The US Patent and Trademark Office claims to uphold a standard for issuing patents, including the requirement that disclosure must be useful. Perhaps it is time to apply such a standard to the granting of the patent itself. If there is a lack of market competition due to the fact that nobody is interested in competing (costs too high, returns too little or too difficult to protect), then perhaps the promise of an exclusive right could create the incentive for somebody to invest and innovate. Such use of the patent system is clearly pro-competitive, even if the mechanism is, for a limited time, anti-competitive. Sometimes you do have to give a little to get a little.

But what happens when the free market is only too willing to invest, and instead of creating the incentive for one to venture into the unknown, it creates a winner-take-all race among hundreds or thousands of willing contenders? If one company can invest $1M and create an invention in 12 months, and another can invest $100M and create that same invention in 11 months, and in either case, the invention can limit innovation for a $1.5T market, has the public really gained more than it has lost?

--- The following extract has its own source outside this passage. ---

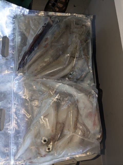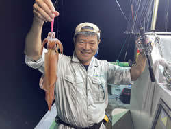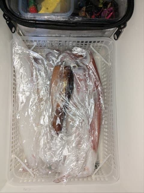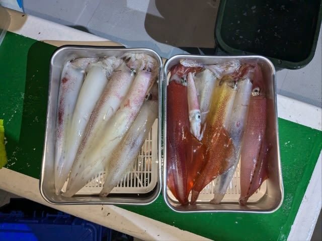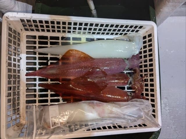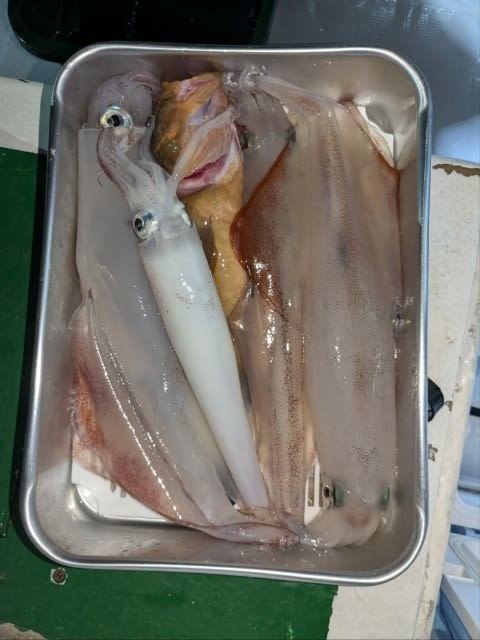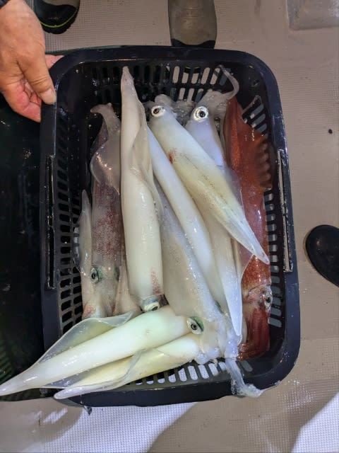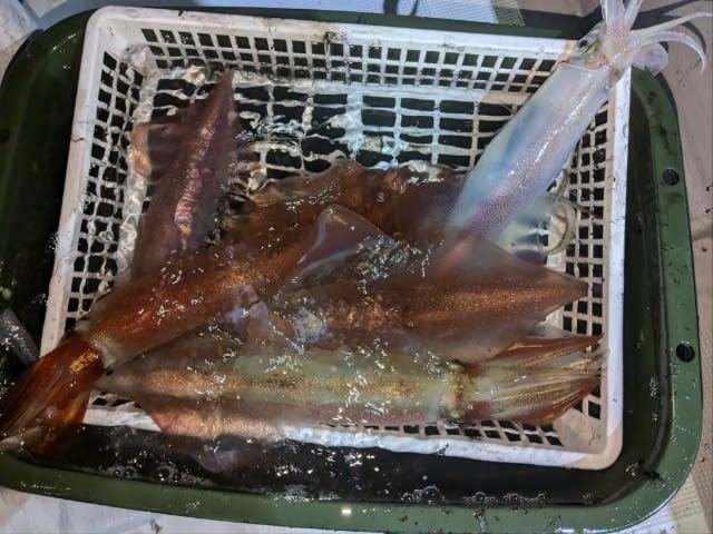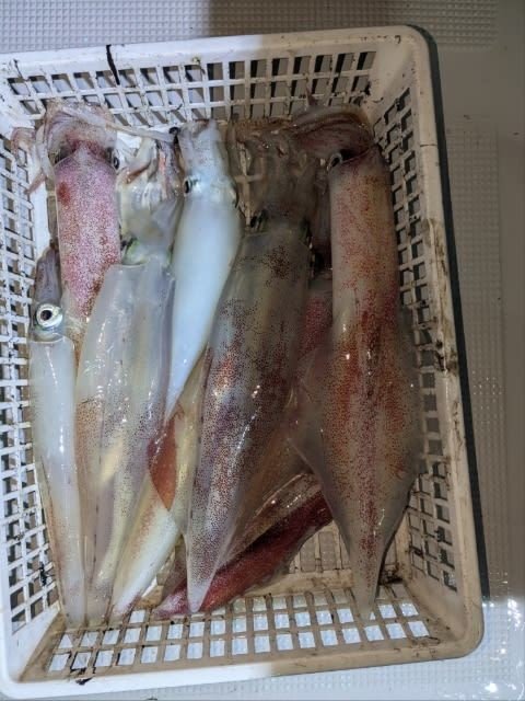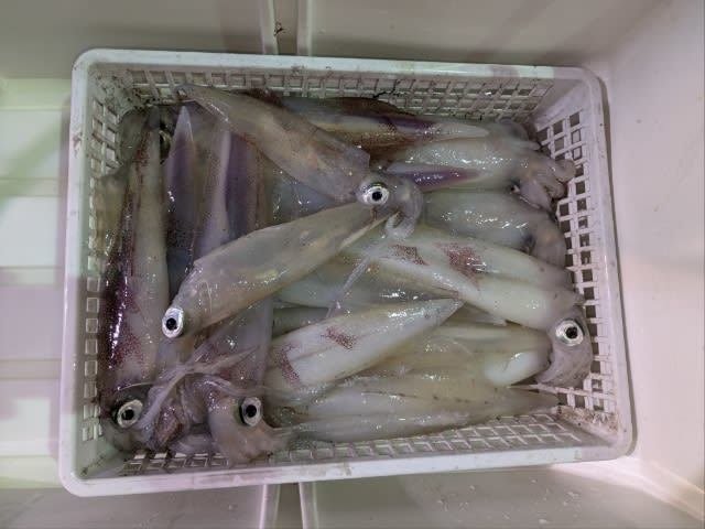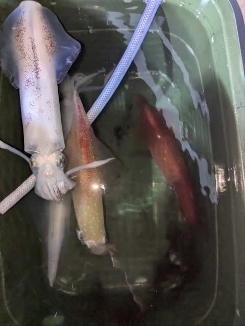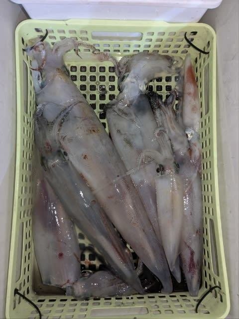 (ケンサキイカ)合計3匹 アオリイカ 12~23cm 0~4匹 夜船。ナイトアオリ。ナイトアオリ船はビギナーさんも多く釣果は今一つでしたが、また是非チャレンジしてみてくださいね。

I applaud the US Supreme Court for its recent ruling in Teleflex v. KSR which addresses the quality of patents. Certainly dealing with fewer bogus patents is better than dealing with more and more. But we need to look beyond the specific quality of the patent and to the question of the purpose of the patent. The Open Source community has demonstrated its ability to innovate free and clear of any patent protection whatsoever (consider the World Wide Web as just one such example). If there is a surplus of willing innovators and innovation capital, should we maintain a system that threatens to reallocate and concentrate that surplus to a single company who can then control the rate of innovation in later years? The history of Watt's patent on the Steam Engine provides a textbook example of why we should not! As does Selden's patent on the automobile and the Wright's patent on controlled flight, to name a few.

We should look at the patent system as a way to promote innovation, to encourage development where no alternative exists. And we should strongly limit the use and enforcement of patents when there is reasonable evidence that "it's going to be invented anyway" or "it can be invented the moment the need is perceived". Such patents are far more anti-competitive than pro-competitive, and a good reason to let them become historical, not current practice.

mattflaschen
Submitted by mattflaschen on Thu, 2007-05-24 21:36.

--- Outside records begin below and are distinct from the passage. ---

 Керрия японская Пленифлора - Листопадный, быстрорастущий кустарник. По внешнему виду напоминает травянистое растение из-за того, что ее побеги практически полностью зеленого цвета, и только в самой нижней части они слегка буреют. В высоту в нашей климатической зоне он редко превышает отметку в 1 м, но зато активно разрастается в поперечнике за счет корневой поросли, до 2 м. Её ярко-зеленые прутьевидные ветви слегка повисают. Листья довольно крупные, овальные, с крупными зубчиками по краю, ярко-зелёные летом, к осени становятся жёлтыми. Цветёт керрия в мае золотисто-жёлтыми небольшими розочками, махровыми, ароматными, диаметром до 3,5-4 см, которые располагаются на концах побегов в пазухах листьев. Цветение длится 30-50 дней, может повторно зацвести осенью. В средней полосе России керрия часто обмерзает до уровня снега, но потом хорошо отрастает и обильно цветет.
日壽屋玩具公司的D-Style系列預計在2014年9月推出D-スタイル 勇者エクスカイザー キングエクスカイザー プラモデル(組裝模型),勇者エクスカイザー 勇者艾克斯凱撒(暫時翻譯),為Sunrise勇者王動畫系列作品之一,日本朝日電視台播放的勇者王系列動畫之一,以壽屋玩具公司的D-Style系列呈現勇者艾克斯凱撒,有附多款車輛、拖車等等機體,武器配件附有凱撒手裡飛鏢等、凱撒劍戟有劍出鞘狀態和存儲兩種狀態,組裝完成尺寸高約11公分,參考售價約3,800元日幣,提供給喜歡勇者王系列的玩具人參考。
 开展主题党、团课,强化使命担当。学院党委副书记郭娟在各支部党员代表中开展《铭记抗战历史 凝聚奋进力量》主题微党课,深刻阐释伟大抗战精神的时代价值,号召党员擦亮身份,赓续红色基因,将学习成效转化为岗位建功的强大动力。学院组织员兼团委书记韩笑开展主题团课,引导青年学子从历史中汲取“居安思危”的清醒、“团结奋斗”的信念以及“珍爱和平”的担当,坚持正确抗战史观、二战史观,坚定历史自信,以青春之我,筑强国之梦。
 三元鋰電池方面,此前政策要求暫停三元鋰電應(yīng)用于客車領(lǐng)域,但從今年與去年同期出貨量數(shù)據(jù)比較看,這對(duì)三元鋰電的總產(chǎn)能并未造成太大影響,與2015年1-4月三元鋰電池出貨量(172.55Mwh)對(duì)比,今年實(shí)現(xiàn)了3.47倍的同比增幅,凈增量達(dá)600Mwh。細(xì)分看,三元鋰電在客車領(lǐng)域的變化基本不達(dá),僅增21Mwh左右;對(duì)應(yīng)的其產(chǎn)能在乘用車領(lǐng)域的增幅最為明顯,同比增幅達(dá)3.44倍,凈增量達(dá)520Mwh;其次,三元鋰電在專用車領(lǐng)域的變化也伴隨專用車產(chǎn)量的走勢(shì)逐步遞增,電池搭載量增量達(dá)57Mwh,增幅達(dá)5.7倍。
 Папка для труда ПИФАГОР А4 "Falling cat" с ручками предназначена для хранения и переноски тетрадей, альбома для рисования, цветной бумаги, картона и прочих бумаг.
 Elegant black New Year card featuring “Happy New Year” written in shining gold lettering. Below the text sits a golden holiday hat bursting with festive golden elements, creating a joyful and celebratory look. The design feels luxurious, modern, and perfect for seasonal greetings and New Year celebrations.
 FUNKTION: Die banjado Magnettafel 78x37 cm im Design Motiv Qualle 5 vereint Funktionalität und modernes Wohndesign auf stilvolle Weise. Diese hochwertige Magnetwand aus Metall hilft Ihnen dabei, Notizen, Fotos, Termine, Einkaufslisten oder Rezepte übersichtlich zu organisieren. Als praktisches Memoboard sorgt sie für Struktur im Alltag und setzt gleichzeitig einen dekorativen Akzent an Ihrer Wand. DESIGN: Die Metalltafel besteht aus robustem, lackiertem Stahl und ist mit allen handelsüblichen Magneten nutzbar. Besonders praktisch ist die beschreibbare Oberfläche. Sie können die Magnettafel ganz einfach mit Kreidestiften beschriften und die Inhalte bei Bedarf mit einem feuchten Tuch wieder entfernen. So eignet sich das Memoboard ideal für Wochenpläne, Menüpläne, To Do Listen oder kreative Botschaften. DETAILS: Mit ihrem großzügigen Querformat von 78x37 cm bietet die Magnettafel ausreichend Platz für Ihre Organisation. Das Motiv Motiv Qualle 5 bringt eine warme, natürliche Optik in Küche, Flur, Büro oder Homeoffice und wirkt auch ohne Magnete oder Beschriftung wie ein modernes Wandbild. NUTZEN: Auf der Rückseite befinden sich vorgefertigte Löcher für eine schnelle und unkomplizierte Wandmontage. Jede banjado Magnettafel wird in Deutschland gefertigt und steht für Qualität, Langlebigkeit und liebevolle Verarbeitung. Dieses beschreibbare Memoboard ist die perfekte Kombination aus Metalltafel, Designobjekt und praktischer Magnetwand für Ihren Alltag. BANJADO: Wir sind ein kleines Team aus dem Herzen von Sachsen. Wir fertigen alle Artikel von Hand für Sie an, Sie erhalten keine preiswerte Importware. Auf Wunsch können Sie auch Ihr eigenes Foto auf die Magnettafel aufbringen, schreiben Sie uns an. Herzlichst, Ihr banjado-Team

I agree with you that the purpose of patents should be to encourage innovation, not to reward it. This clear Constitutional intention has been undermined in my opinion. There are also still unresolved questions about whether software should be patentable, as it is provably equivalent to mathematical algorithms (which are not), and already protected by copyright.

In an ideal world, the Patent Office would exercise the discretion you described, and only approve patents that promote competition. But unfortunately, I doubt they have the necessary time and judgement. A more likely solution is to elminate software patents, or at least significantly lower their term length. This will only be possible if software patents are legally separated from others, so the pharmaceutical industry stops lobbying in their favor. Different fields must be treated differently.